- _What the exercise asks_: In the records below, find the line with "bulging out. |", then copy each line exactly until you have copied the line with "und präsentiert ganz". Leave any picture out.

- _Information given_:
══════════

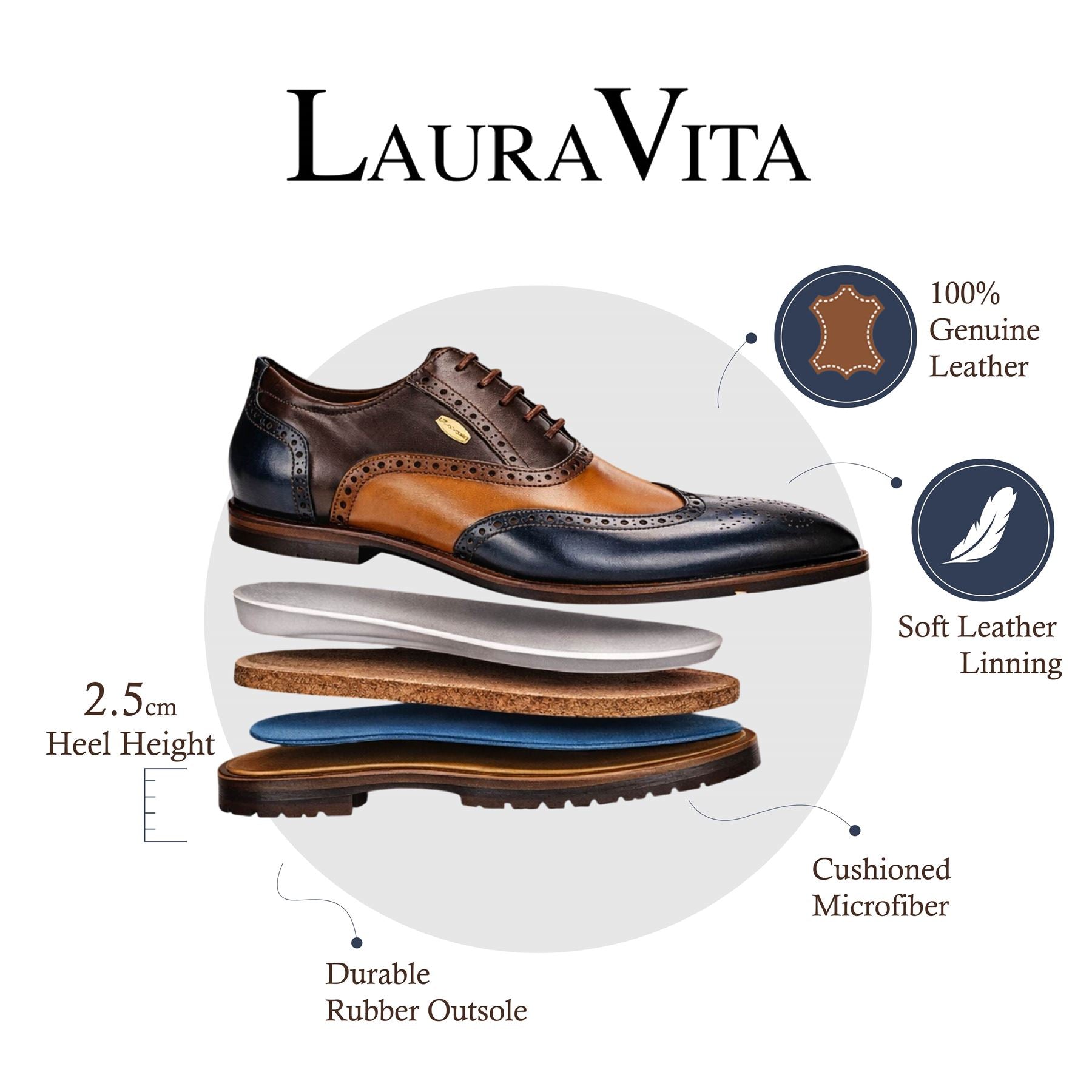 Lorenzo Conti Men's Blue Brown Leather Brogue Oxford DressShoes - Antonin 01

══════════

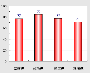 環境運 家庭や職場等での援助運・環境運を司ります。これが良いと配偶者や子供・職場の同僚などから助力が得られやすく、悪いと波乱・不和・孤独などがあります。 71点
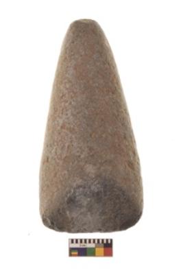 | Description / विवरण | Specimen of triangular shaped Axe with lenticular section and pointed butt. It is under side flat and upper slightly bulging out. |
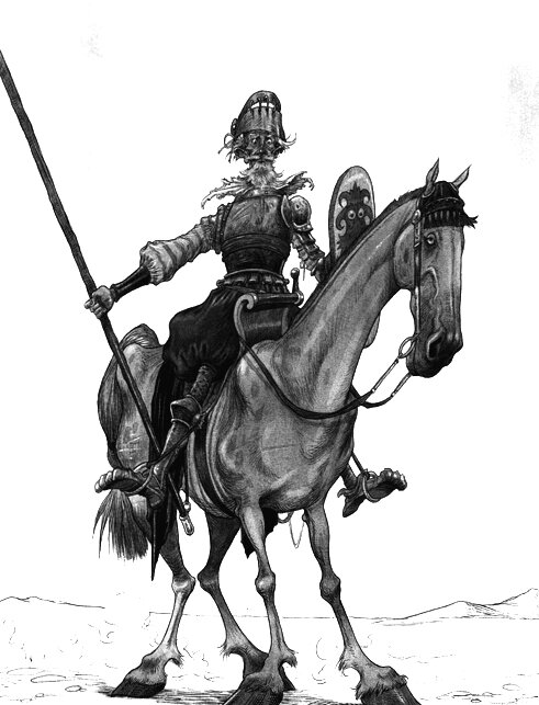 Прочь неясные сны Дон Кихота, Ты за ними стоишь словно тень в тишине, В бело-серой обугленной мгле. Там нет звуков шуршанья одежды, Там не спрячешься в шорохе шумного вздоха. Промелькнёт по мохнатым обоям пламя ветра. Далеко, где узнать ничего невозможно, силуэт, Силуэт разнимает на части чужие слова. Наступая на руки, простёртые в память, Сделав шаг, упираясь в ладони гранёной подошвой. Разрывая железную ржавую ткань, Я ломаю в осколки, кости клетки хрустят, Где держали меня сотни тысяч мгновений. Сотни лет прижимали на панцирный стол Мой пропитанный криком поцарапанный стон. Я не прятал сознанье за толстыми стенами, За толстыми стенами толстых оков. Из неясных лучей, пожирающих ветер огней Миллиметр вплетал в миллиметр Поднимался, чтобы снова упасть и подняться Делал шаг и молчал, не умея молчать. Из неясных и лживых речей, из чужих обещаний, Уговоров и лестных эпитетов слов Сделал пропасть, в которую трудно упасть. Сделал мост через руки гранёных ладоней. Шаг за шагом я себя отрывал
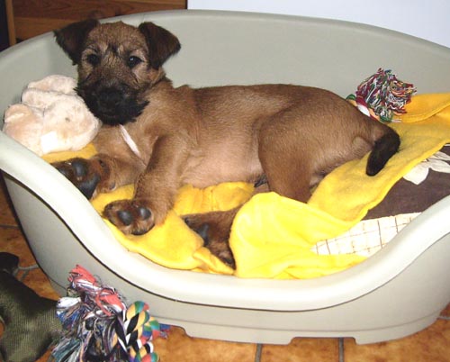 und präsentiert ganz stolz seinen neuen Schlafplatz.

══════════

- _Your response_:
 | Description / विवरण | Specimen of triangular shaped Axe with lenticular section and pointed butt. It is under side flat and upper slightly bulging out. |
 Прочь неясные сны Дон Кихота, Ты за ними стоишь словно тень в тишине, В бело-серой обугленной мгле. Там нет звуков шуршанья одежды, Там не спрячешься в шорохе шумного вздоха. Промелькнёт по мохнатым обоям пламя ветра. Далеко, где узнать ничего невозможно, силуэт, Силуэт разнимает на части чужие слова. Наступая на руки, простёртые в память, Сделав шаг, упираясь в ладони гранёной подошвой. Разрывая железную ржавую ткань, Я ломаю в осколки, кости клетки хрустят, Где держали меня сотни тысяч мгновений. Сотни лет прижимали на панцирный стол Мой пропитанный криком поцарапанный стон. Я не прятал сознанье за толстыми стенами, За толстыми стенами толстых оков. Из неясных лучей, пожирающих ветер огней Миллиметр вплетал в миллиметр Поднимался, чтобы снова упасть и подняться Делал шаг и молчал, не умея молчать. Из неясных и лживых речей, из чужих обещаний, Уговоров и лестных эпитетов слов Сделал пропасть, в которую трудно упасть. Сделал мост через руки гранёных ладоней. Шаг за шагом я себя отрывал
 und präsentiert ganz stolz seinen neuen Schlafplatz.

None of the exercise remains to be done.